Begin the copy at the line containing "脱下白大褂,医护人员也是一群" in the data below and end it at the line containing "For Nissan 14pin", keeping each line exact and leaving out pictures.

> [INPUT RECORDS]:
BEGIN

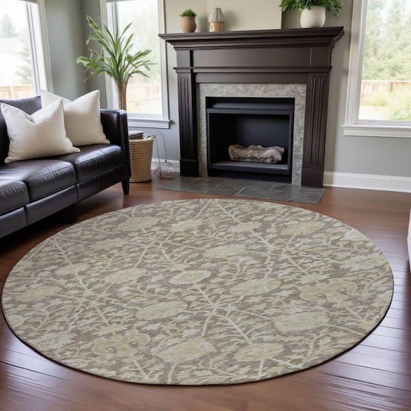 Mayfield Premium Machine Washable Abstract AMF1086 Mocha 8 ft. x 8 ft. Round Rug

END
BEGIN

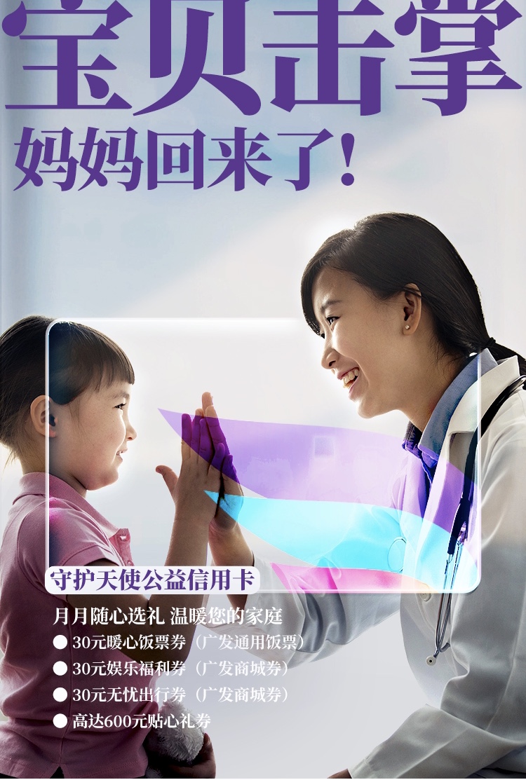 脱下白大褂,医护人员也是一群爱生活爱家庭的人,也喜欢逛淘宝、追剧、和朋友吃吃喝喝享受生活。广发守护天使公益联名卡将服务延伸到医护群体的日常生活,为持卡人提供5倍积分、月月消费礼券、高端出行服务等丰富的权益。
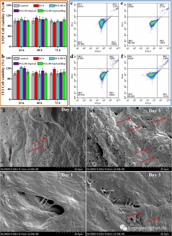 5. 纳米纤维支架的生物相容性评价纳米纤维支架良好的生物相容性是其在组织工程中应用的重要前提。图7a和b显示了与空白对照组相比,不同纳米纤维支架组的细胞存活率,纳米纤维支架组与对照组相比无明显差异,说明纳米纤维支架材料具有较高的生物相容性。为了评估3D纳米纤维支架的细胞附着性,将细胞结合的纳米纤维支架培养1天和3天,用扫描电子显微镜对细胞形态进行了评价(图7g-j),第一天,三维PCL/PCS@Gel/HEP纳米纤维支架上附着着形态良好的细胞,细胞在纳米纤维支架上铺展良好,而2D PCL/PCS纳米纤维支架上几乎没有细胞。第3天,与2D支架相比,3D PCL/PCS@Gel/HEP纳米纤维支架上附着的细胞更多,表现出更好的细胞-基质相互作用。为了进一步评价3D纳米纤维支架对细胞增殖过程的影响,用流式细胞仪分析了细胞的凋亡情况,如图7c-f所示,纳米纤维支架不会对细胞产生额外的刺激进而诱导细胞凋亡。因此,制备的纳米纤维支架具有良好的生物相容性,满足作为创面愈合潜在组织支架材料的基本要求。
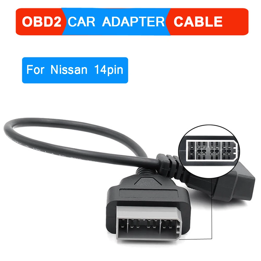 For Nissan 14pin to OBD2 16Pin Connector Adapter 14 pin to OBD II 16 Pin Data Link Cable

END

> [COMPLETED EXERCISE]:
 脱下白大褂,医护人员也是一群爱生活爱家庭的人,也喜欢逛淘宝、追剧、和朋友吃吃喝喝享受生活。广发守护天使公益联名卡将服务延伸到医护群体的日常生活,为持卡人提供5倍积分、月月消费礼券、高端出行服务等丰富的权益。
 5. 纳米纤维支架的生物相容性评价纳米纤维支架良好的生物相容性是其在组织工程中应用的重要前提。图7a和b显示了与空白对照组相比,不同纳米纤维支架组的细胞存活率,纳米纤维支架组与对照组相比无明显差异,说明纳米纤维支架材料具有较高的生物相容性。为了评估3D纳米纤维支架的细胞附着性,将细胞结合的纳米纤维支架培养1天和3天,用扫描电子显微镜对细胞形态进行了评价(图7g-j),第一天,三维PCL/PCS@Gel/HEP纳米纤维支架上附着着形态良好的细胞,细胞在纳米纤维支架上铺展良好,而2D PCL/PCS纳米纤维支架上几乎没有细胞。第3天,与2D支架相比,3D PCL/PCS@Gel/HEP纳米纤维支架上附着的细胞更多,表现出更好的细胞-基质相互作用。为了进一步评价3D纳米纤维支架对细胞增殖过程的影响,用流式细胞仪分析了细胞的凋亡情况,如图7c-f所示,纳米纤维支架不会对细胞产生额外的刺激进而诱导细胞凋亡。因此,制备的纳米纤维支架具有良好的生物相容性,满足作为创面愈合潜在组织支架材料的基本要求。
 For Nissan 14pin to OBD2 16Pin Connector Adapter 14 pin to OBD II 16 Pin Data Link Cable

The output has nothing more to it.